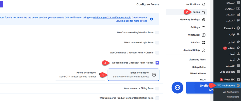ثم أنتقل إلى WC Notifications ثم Forms ثم أفعل خيار WooCommerce Checkout Form وأختار Email Verification.
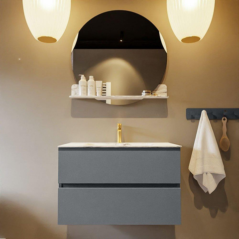 MONDIAZ VICA-DLUX Ensemble meuble de salle de bains - 80cm - meuble bas plata - 2 tiroirs - lavabo encastré cloud central - 1 trou de robinet - version haute 60cm - glace
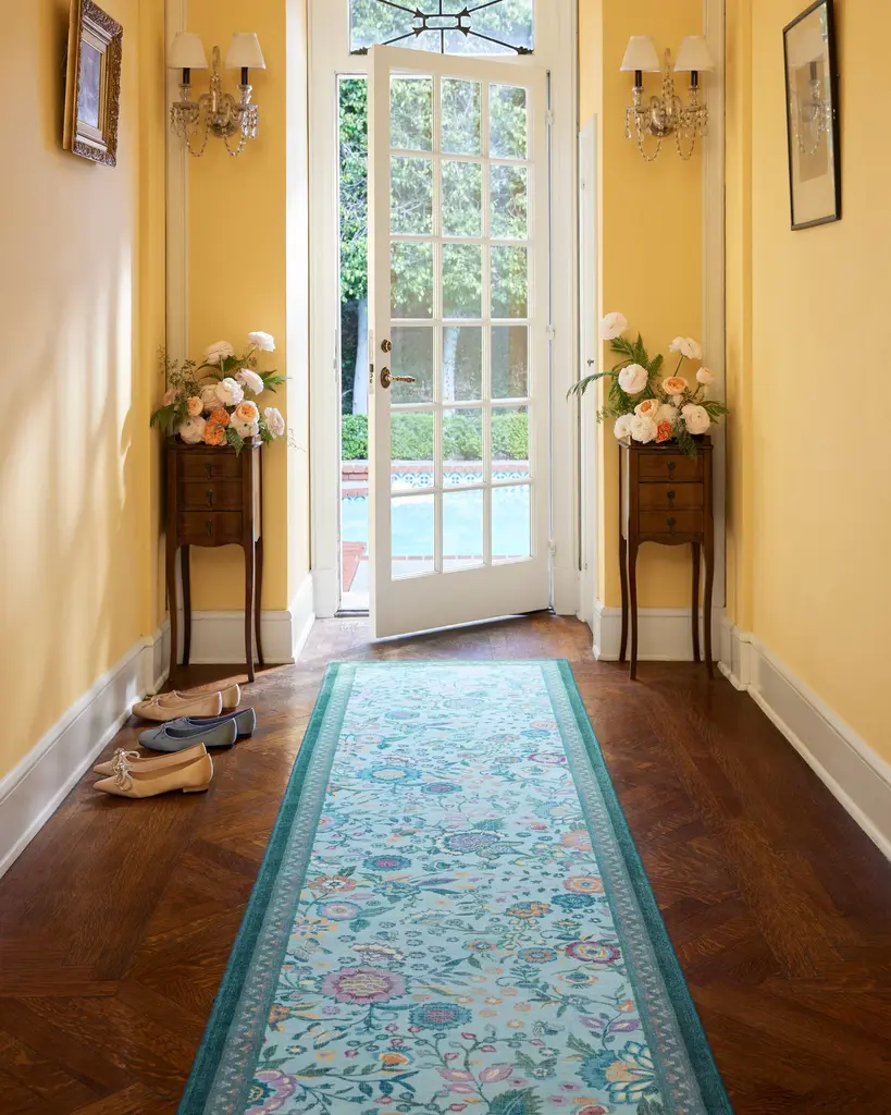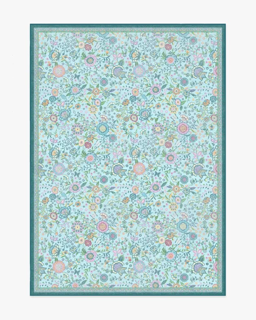 Capture the whimsy of the Bridgerton floral gardens with our Bridgerton Royal Garden Multicolor Rug. This bright and ditzy design features a medley of fun flowers in maroons, greens, oranges, and yellows against a soft blue background. It's the perfect rug to get swept off your feet. Water-resistant, stain-resistant, and machine-washable. Rug colors may vary slightly according to your device and the lighting in your space.
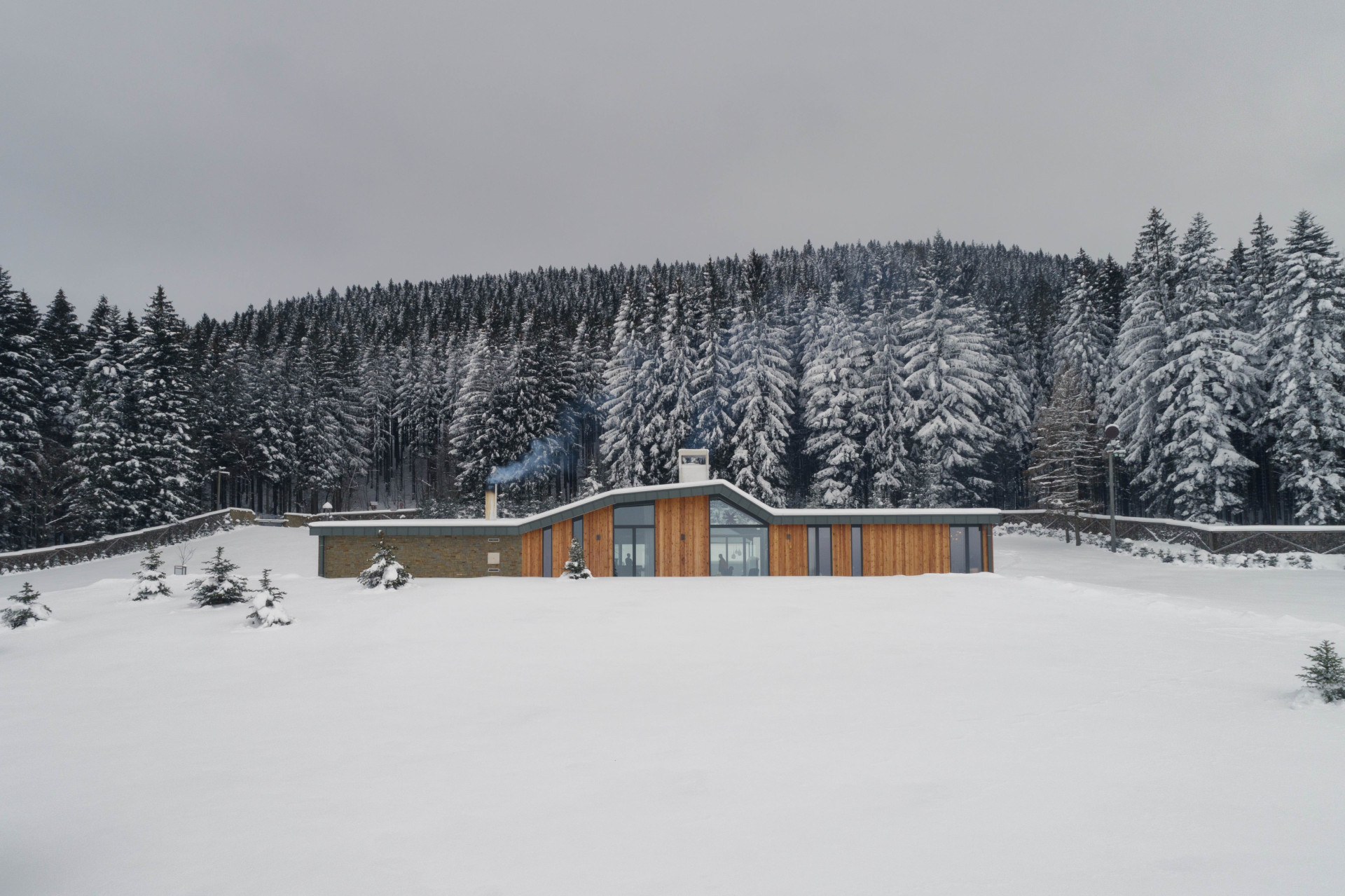 Novostavba domu v CHKO Beskydy je postavená především z modřínového dřeva a místního kamene. Do krajiny se otevírá velkoformátovými okny, která bylo vzhledem k náročným povětrnostním podmínkám potřeba speciálně navrhnout.
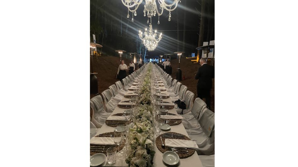 Puntualmente 21 hs nos invitaron a sentarnos en los lugares consignados para cada uno, con una mesa impecablemente preparada con arreglos florales blancos de excelencia y una longitud aproximada de 60 mts.
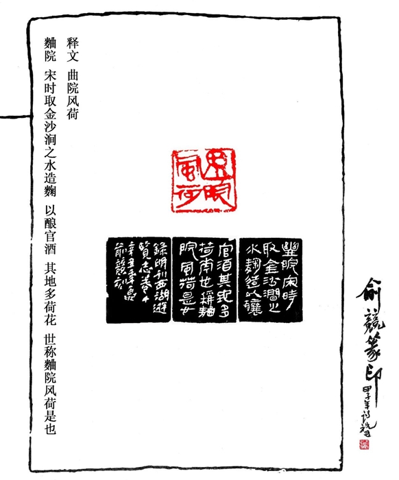 印章边款取自明《西湖游览志》卷十,说明此处宋时为麯院,造官酒的地方。而麯院变成曲院,是康熙的任性。有意思的事,乾隆为了弥补祖父的荒唐,打枪画靶,在麯院旧址,建亭挖池,广植荷花,使之名副其实。但为杭州扮靓一景,亦为美事。
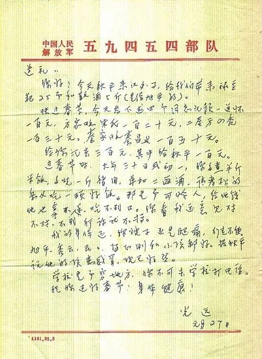 红军烈士的家属和子女,秦光远将军也是给予无微不至的关怀关爱。1999年1月27日写给弟弟秦遵礼的信中,他写下了这样一段叮嘱的话:“快过春节,今天给下述四个同志汇款,遵怀一百元,方家畈朱氏一百二十元,二屋方四秃一百三十元,秦家畈秦昌义一百五十元。过春节时,大年三十或初一,你多煮半斤米饭,多烧一斤猪肉,再加二两酒,请孝松的岳父吃一顿好饭。”

=== Task goal ===
Skip the pictures, then retype every line above exactly.

=== Solution ===
ثم أنتقل إلى WC Notifications ثم Forms ثم أفعل خيار WooCommerce Checkout Form وأختار Email Verification.
 MONDIAZ VICA-DLUX Ensemble meuble de salle de bains - 80cm - meuble bas plata - 2 tiroirs - lavabo encastré cloud central - 1 trou de robinet - version haute 60cm - glace
 Capture the whimsy of the Bridgerton floral gardens with our Bridgerton Royal Garden Multicolor Rug. This bright and ditzy design features a medley of fun flowers in maroons, greens, oranges, and yellows against a soft blue background. It's the perfect rug to get swept off your feet. Water-resistant, stain-resistant, and machine-washable. Rug colors may vary slightly according to your device and the lighting in your space.
 Novostavba domu v CHKO Beskydy je postavená především z modřínového dřeva a místního kamene. Do krajiny se otevírá velkoformátovými okny, která bylo vzhledem k náročným povětrnostním podmínkám potřeba speciálně navrhnout.
 Puntualmente 21 hs nos invitaron a sentarnos en los lugares consignados para cada uno, con una mesa impecablemente preparada con arreglos florales blancos de excelencia y una longitud aproximada de 60 mts.
 印章边款取自明《西湖游览志》卷十,说明此处宋时为麯院,造官酒的地方。而麯院变成曲院,是康熙的任性。有意思的事,乾隆为了弥补祖父的荒唐,打枪画靶,在麯院旧址,建亭挖池,广植荷花,使之名副其实。但为杭州扮靓一景,亦为美事。
 红军烈士的家属和子女,秦光远将军也是给予无微不至的关怀关爱。1999年1月27日写给弟弟秦遵礼的信中,他写下了这样一段叮嘱的话:“快过春节,今天给下述四个同志汇款,遵怀一百元,方家畈朱氏一百二十元,二屋方四秃一百三十元,秦家畈秦昌义一百五十元。过春节时,大年三十或初一,你多煮半斤米饭,多烧一斤猪肉,再加二两酒,请孝松的岳父吃一顿好饭。”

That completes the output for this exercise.